California AG Finally Releases Do-Not-Track Recommendations
The DNT provisions created confusion for the industry because CalOPPA does not define DNT and there is no industry recognized definition of DNT or a DNT signal. In fact, the World Wide Web Consortium (W3C) spent two years trying to develop standards and meaning to DNT signals, but could not reach an agreement. To add further confusion, by the end of 2013, all of the major browser companies have implemented their own DNT signals which can be implemented by consumers.
Seeking clarification and guidance, the business community reached out to the California Attorney General. To its credit, over the past several months, the AG’s office consulted with numerous stakeholders from the business sector, academia and privacy advocates and developed four key DNT recommendations:
Make it easy for a consumer to find the section of your policy that relates to online tracking.

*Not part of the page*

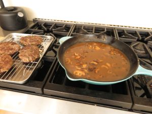 It might be somewhat of a surprise, but Salisbury Steak was created for its health benefits. Dr. James Salisbury was very interested in the connection of food to health back in the late 1800’s. He researched, with sometimes some unlucky individuals, having them eat certain foods for extended periods of time to evaluate the diet to their health. The “Beans and Coffee” group not as lucky as the “Oatmeal” group. The real winners were the “Steak” group. They showed great health improvements. He took his research to the Union Army during the Civil War. Health was improved with the addition of lean beef to their diet.Over the years Salisbury Steak has come in and out of favor. I thought it would be fun to revisit it and vanish the memory of TV dinners back in the 60’s. I even thought about renaming it, so you didn’t snub your nose at my recipe. But after reading about Dr. Salisburg, I felt he deserved recognition for all his research and forward thoughts on the relationship between our health and what we eat.Another driving force in this recipe was to create something for a cold winter night that was made in one pan with not a whole lot of effort. I created elevated beef patties smothered in a rich flavor packed mushrooms sauce. Adding sautéed shallots, garlic and scallions keep the patties moist as they simmer in the sauce. Serve it over whipped potatoes or pappardelle noodles. A side of steamed broccoli or broccolini drizzled with lemon juice and olive oil will be a perfect compliment to the richness of the dish.

Use a header, for example “How We Respond to Do Not Track Signals,” “Online Tracking,” or “California Do Not Track Disclosures.”
Describe how you respond to a browser’s DNT signal or to another such mechanism.
Provide the link in addition to identifying the program with a brief, general description of what it does.
Disclose the presence of other parties that collect personally identifiable information on your site or service, if any are present.
State whether other parties are or may be conducting online tracking of consumers or visitors while they are on your site or service. Confirm your tracking practices with those responsible for your site or service’s operations to ensure that your practices correspond to what you say in your policy.
These recommendations provide helpful guidance when drafting privacy policies; however, they are just that – guidance. The AG expressly acknowledges that the recommendations “are not regulations, mandates, or legal opinions. Rather, they are part of an effort to encourage the development of privacy best practices.”
Center for Democracy & Technology Consumer Privacy Director Justin Brookman, who has also worked extensively with the W3C, noted it’s unclear even whether a company must describe how it handles a DNT signal or simply provide a link to a choice program. He said, “It seems the attorney general doesn’t find current practices to be good enough,” and that the AG is “trying to encourage folks to be more explicit in the body of the policy but aren’t yet prepared to say that just a link is legally insufficient.”